Милица в знак своей полной солидарности со своим спутником только молча кивнула головой, и оба поспешили дальше.
Ha самом краю деревни стояла как-то в стороне от других маленькая полуразвалившаяся избенка. Часть крыши её была снесена, белые стены закопчены дымом; стекла повыбиты в оконцах, a дверь, сорванная с петель и расщепленная на куски, валялась тут же y покосившегося крылечка.
— Ну, благословясь, айда туда, — прошептал снова Игорь и, уже выпрямившись во весь рост, бодро зашагал между грядами к избушке.
Милица последовала за ним.
Домик или, вернее, остатки домика, куда они шли, примыкал к огородному полю.
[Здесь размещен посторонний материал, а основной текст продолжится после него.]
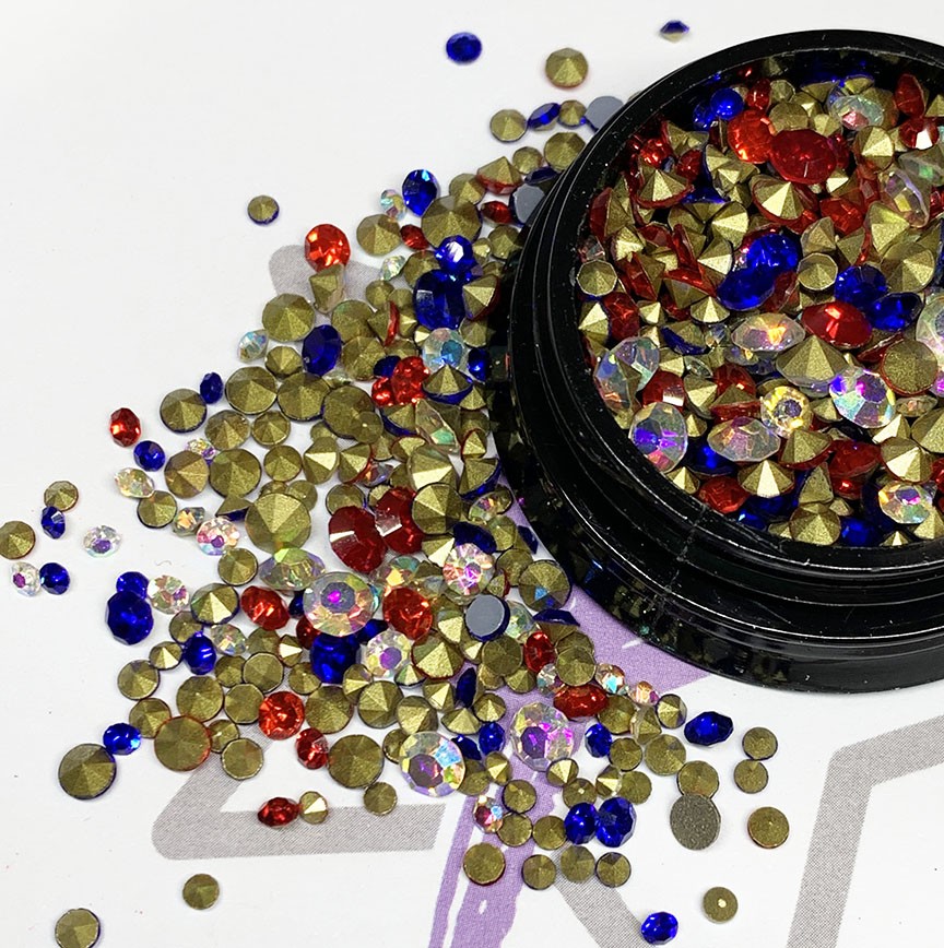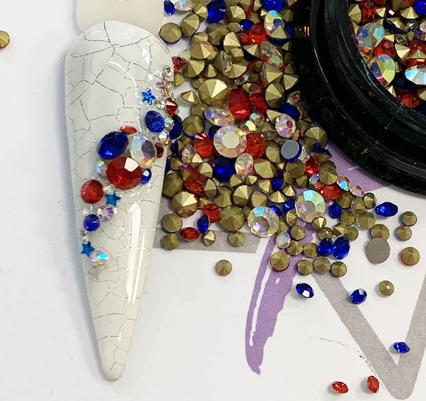 Red, Blue and Crystal AB Pointback mix perfect for the summer holidays!
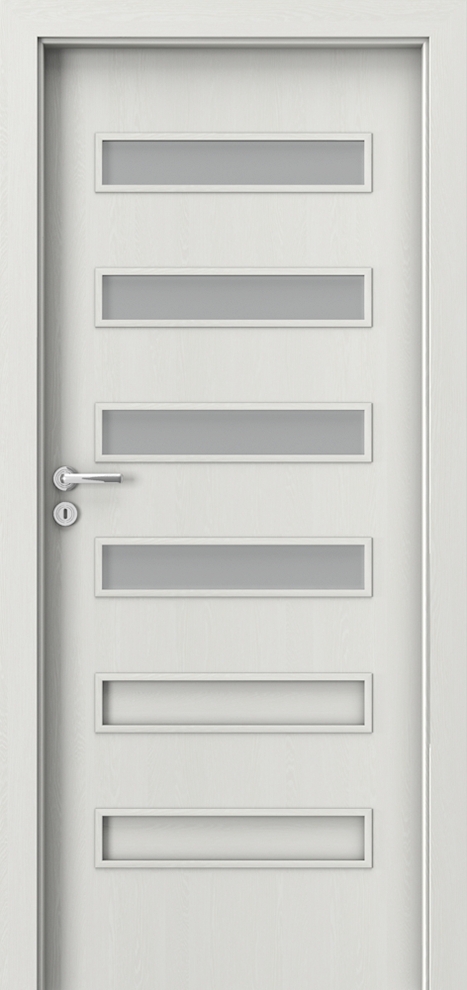 Honeycomb or chipboard core reinforced with rails and stiles (option at extra charge). The construction is skinned with HDF. Chipboard core has a preparation for shortening as a standard. Reinforcement for a door closer and sizes ‚100’ and ‚110‘ requires a third hinge.
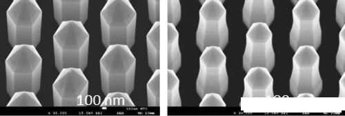 掃描電子顯微(wēi)鏡的影像顯示,單一(yī)直徑的柱狀像素會發射單一(yī)色光(guāng)(左),不過若将其頂部窄化(右),同一(yī)像素就會發出兩種不同的色光(guāng);而透過添加第三個更窄的層,就可(kě)能(néng)發出第三種色光(guāng),也就是讓單一(yī)像素發射出紅(hóng)、綠(lǜ)、藍(lán)(RGB)三色混合出的白光(guāng)
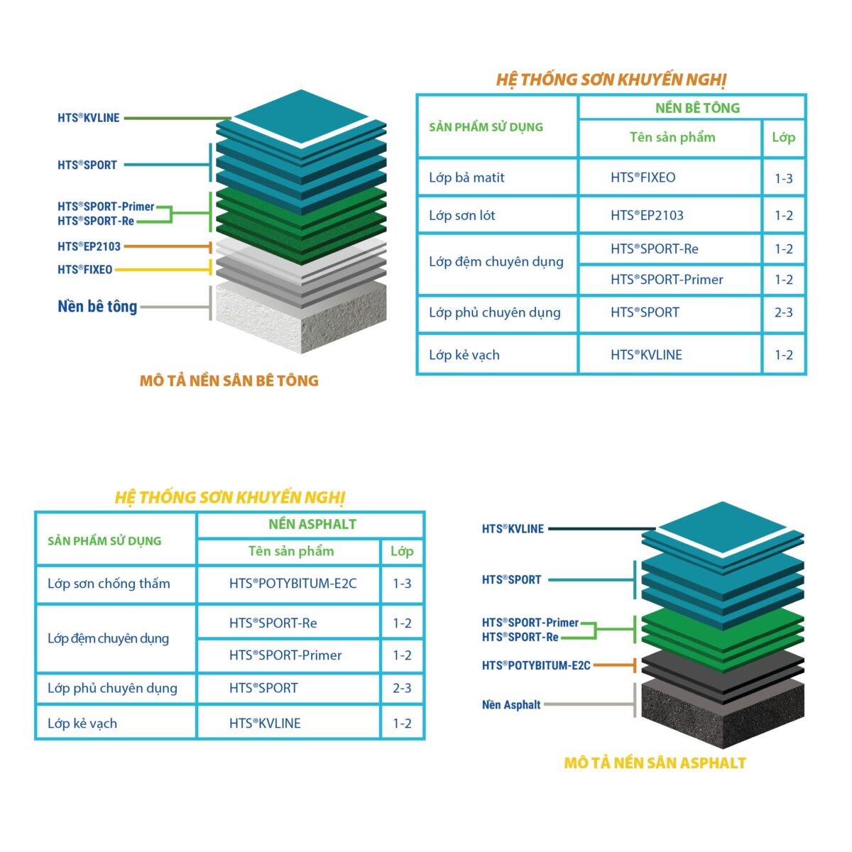 Sau khi nền hạ đã ổn định, bề mặt sân sẽ được phủ lớp sơn chuyên dụng như Sơn HTS®SPORT. Lớp sơn này giúp tạo ra một bề mặt chơi an toàn, chống trơn trượt và chịu được các yếu tố thời tiết.
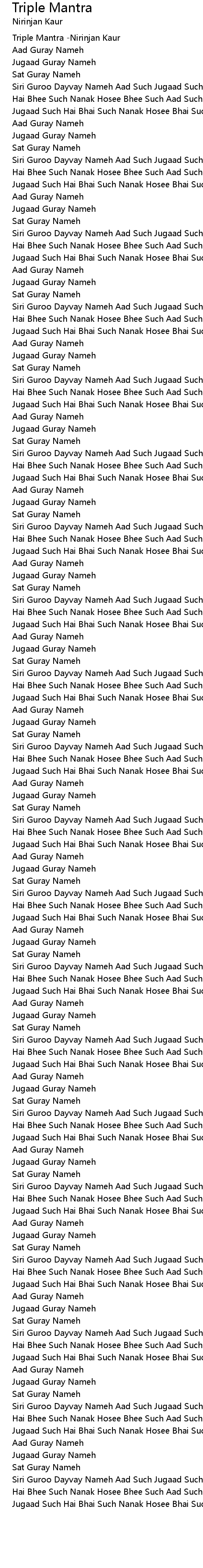 Triple Mantra -Nirinjan Kaur |
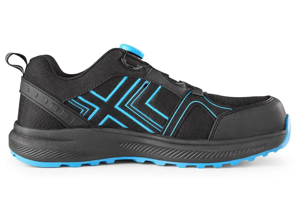Półbut bezpieczny łączący niezawodną ochronę z komfortem i nowoczesnym designem. Wyposażony w nosek z laminatu i tekstylną wkładkę antyprzebiciową, które chronią stopę przed uderzeniami i ostrymi przedmiotami. Dodatkową ochronę zapewnia wzmocnienie noska i pięty z TPU. Specjalny system szybkiego sznurowania umożliwia łatwe zakładanie i zdejmowanie obuwia. Oddychająca cholewka i wyjmowana komfortowa wkładka zapewniają wygodę noszenia. Elementy odblaskowe zwiększają widoczność w warunkach słabego oświetlenia. Materiał: cholewka wykonana z hydrofobowej tkaniny typu mesh (400 g/m²) z dodatkami z TPU i PVC, kołnierz z mikrofibry, podszewka z oddychającej tkaniny odpornej na ścieranie, wewnętrzna część pięty wzmocniona mikrofibrą. Podeszwa: EVA/guma – antypoślizgowa, antystatyczna, olejoodporna, odporna na przebicie, zimno (CI), ciepło (HI) oraz kontakt z gorącym podłożem do 300 °C (HRO). Zalecane zastosowanie: logistyka, magazyny, lekki i średnio-ciężki przemysł, lekkie prace wykończeniowe wewnątrz budynków.
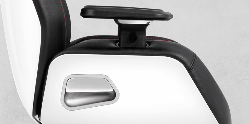 Встроенные боковые ручки позволяют наклонять и поднимать кресло, для выбора оптимального положения. Левая боковая ручка позволяет наклонять спинку сиденья до 126°. Правая боковая ручка регулирует его высоту в диапазоне 41 - 53 см.
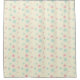 A shower curtain with a cold and wintery christmas pattern. A repeating pattern of pink and blue snowflakes set on a cream colored background. A seasonal winter time holiday design.
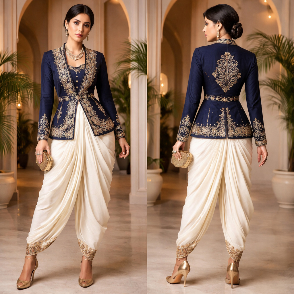 UnStitched Dhoti and jacket top for women - add traditional flair , business style, show front and back
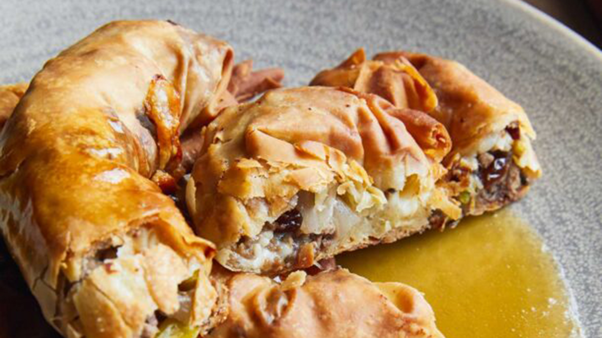 Η μικρασιατική κιμαδόπιτα με δυο κιμάδες, φυστίκι, γραβιέρα, φέτα και σταφίδα, που σερβίρεται με έναν πλούσιο ζωμό κρέατος τύπου gravy, είναι από αυτά τα σουλούδικα φαγιά που ευχαριστιέσαι όχι μόνο τη νοστιμιά τους, αλλά το νοιάξιμο και την απλοχεριά τους. Αυτός είναι ο τρόπος που μαγειρεύει ο ιδιοκτήτης της Φάμπρικας του Ευφρόσυνου, Γιώργος Γκάτσος, που μας έδωσε τη συνταγή για να τη φτιάχνουμε και στο σπίτι.
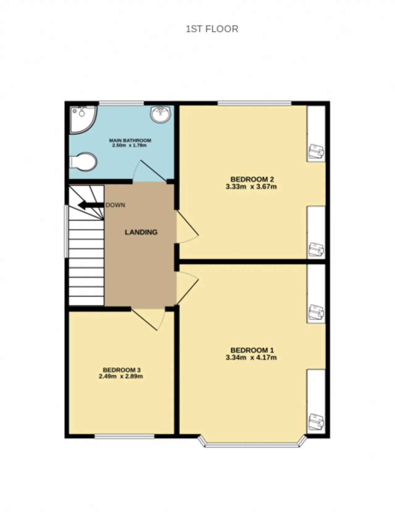 Landing 2.52m x 2.10m Spacious landing area with a large gable window that fills the area with natural light. The landing provides access to all three bedrooms on first floor along with the family bathroom and Stira stairs to the fully floored attic space.
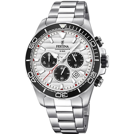 Orologio Festina da uomo cronografo con display analogico e alimentazione al quarzo. Cassa in acciaio di forma rotonda con diametro di 44.30mm, quadrante colore bianco con dettagli neri e rossi, cinturino in acciaio. Resistenza all'acqua di 10 atm.
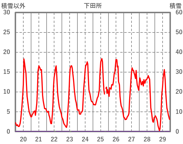 | 日 | 時 | 気温 | 降水 | 風向/風速 | 日照 | 積雪 | 降雪 |
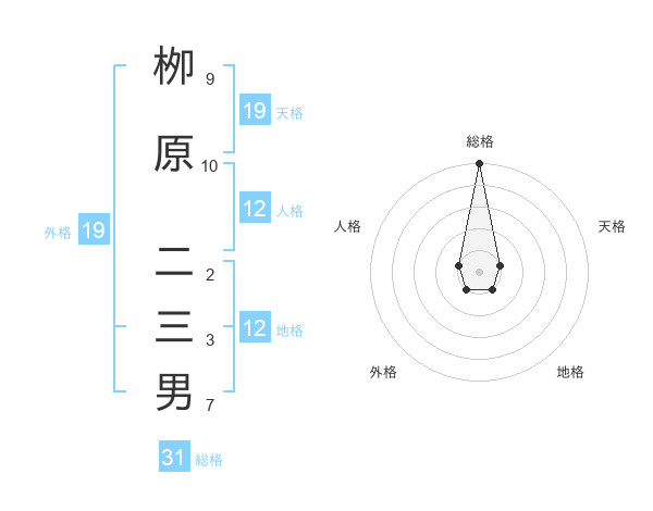 栁原 二三男さんの総格は31画の5点!

Дальше, по ту сторону дороги, шло самое селение. Там хозяйничали всюду неприятельские солдаты. У колодца поили лошадей. Картинно-нарядные всадники то и дело пролетали с одного конца улицы на другой. Но самих крестьян, настоящих, законных хозяев деревни, нигде не было видно. Как будто все село вымерло, или все его обыватели были перебиты, либо угнаны в плен.
Взойдя по исковерканному пожаром или орудийными снарядами крылечку, Игорь и Милица очутились в небольшой горенке с огромной печью в углу. В другом углу висело распятие, украшенное засохшим венком из полевых цветов. Часть потолка отсутствовала совсем и кусок голубого неба глядел внутрь избушки. Там не было ни души. Уставшие до полусмерти, оба юные разведчики опустились на лавку.
— Что теперь делать? Как и y кого разузнать о расположении и числе неприятеля? — вслух подумал Игорь.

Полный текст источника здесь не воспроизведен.